Я начал бороться. Но боролся не с рекой — с ней бороться бессмысленно, она сильнее любого человека. Я боролся с собственным страхом. У старого Мурада, моего наставника, была присказка: «Страх — это пёс, который кусает только того, кто его боится. Кинь ему в пасть свою волю — и он подавится». Я кинул. Я заставил себя перестать паниковать и начать думать. Мозг — вот моё главное оружие в этой битве. Не мускулы, не сабля, а холодная, как сама эта вода, ясность ума. Если за секунду до падения я увидел столько событий, то теперь мозг должен был помочь мне принять решение до того, как волна понесёт меня не туда. И он помогал.
Я вспомнил уроки деда. Он учил меня плавать не в спокойной заводи, а в горной реке, в самый паводок, когда вода бурая от глины и бешеная, как стадо диких мустангов. «Не вздумай бороться с потоком, парень, — говорил он, и глаза его, выцветшие от времени, смотрели строго и мудро. — Сила реки бесконечна, твоя — нет. Ты не пробьёшь её кулаками и не перекричишь. Но ты можешь стать хитрее. Ты можешь стать водой. Плыви не против неё — плыви быстрее неё. Стань частью потока, но обгони его. Она несёт тебя к порогам? Заставь её нести тебя к берегу. Это как борьба на поясах: не пытайся остановить летящего на тебя врага — используй его силу, подсеки, добавь ускорения, направь туда, куда нужно тебе».

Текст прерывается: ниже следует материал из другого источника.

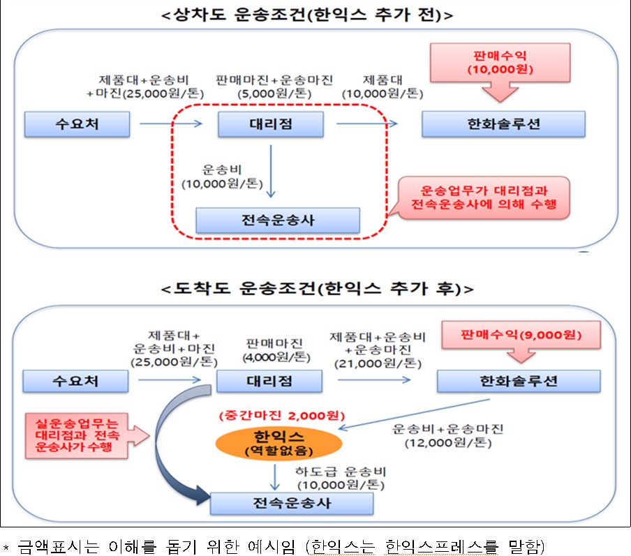 더 심각한 문제는 한화솔루션이 한익스프레스가 통행세를 수취할 수 있도록 도와준 정황이 포착됐다고 공정위가 판단을 내렸다는 점이다. 공정위는 "한화솔루션이 대리점을 통해 수요처와 거래할 때 운송 거래 과정에서 실질적인 역할을 하지 않은 한익스프레스를 거래단계에 추가해 통행세를 받을 수 있도록 지원했다"고 설명했다.
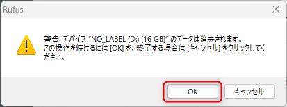 ISO ファイルを選択した際に DD イメージモードで書き込む旨の確認が出る [OK]

И я начал плыть. Не выгребать, тратя силы на бесполезную борьбу, а именно плыть — быстрее, чем течение, используя каждый водоворот, каждый бурун как трамплин. Тело, ещё минуту назад скованное холодом, вспомнило старые уроки. Руки работали размеренно и мощно, ноги толкали вперёд, глаза смотрели сквозь пену, выискивая в этом хаосе один-единственный ориентир.
Где она? Где?!
Я завертел головой, хватая ртом сырой, ледяной воздух в короткие мгновения между валами. И увидел. Она была впереди, метрах в десяти. Вода несла её, безвольную, как сломанную куклу, переворачивая с боку на бок. Одежда пузырилась вокруг неё, волосы, смешавшись с тиной и водорослями, стелились по воде чёрным шлейфом. Я не видел лица, но видел руку — тонкую, белую, — которая то взлетала над бурунами, то исчезала в клокочущей пене.
И прямо по курсу, загораживая русло, вырастал валун. «Клык шайтана» — называют в горах такие камни. Гигантский, чёрный, лоснящийся от воды, с острой, как наконечник копья, верхушкой. Вода вокруг него стояла стеной, разбиваясь в водяную пыль, и гул стоял такой, что заглушал даже общий рёв реки. Если её ударит о него…
И вот тут, в этом аду, где каждая секунда была мукой, а каждый вздох — победой, со мной что-то случилось. Я вдруг перестал чувствовать холод. Перестал чувствовать усталость и боль в выбитом плече. Мир вокруг словно расчистился: звуки стихли, краски обрели невероятную чёткость. Я видел каждый камешек на дне, каждый пузырёк воздуха, каждую прожилку на граните этого проклятого валуна. Я вошёл в то состояние, которое старые воины называют «тишиной в бою». Когда всё вокруг — и враги, и стихия, и сам воздух — замедляется, а твой разум, напротив, ускоряется до нечеловеческой скорости. Когда тело перестаёт существовать, и остаётся только чистая, незамутнённая воля, направленная к одной-единственной цели.
«Любым путём», — сказал я себе. Это был не просто приказ. Это была клятва, которую я приносил Богу, реке и собственной совести. Любым путём. Даже если мне придётся разбиться об этот камень вместе с ней. Даже если мне суждено остаться на дне этой проклятой реки, кости мои обглодают форели, а имя забудут ещё до следующего снега. Она будет жить. Или я не Асланбек, сын Багаутдина.
Я сделал то, чего река не ожидала. Я перестал плыть поперёк течения, стремясь сократить расстояние напрямую. Вместо этого я нырнул — глубоко, насколько хватило воздуха в лёгких, — и ушёл под основной поток, туда, где вода была спокойнее, где текла та самая глубинная струя, о которой говорят старики. Внизу было темно — ледяной мрак давил на барабанные перепонки, — но я грёб, грёб, как никогда в жизни. Поднырнул под каменной грядой, проскочил опасный перекат и вынырнул уже с другой стороны течения, ближе к ней.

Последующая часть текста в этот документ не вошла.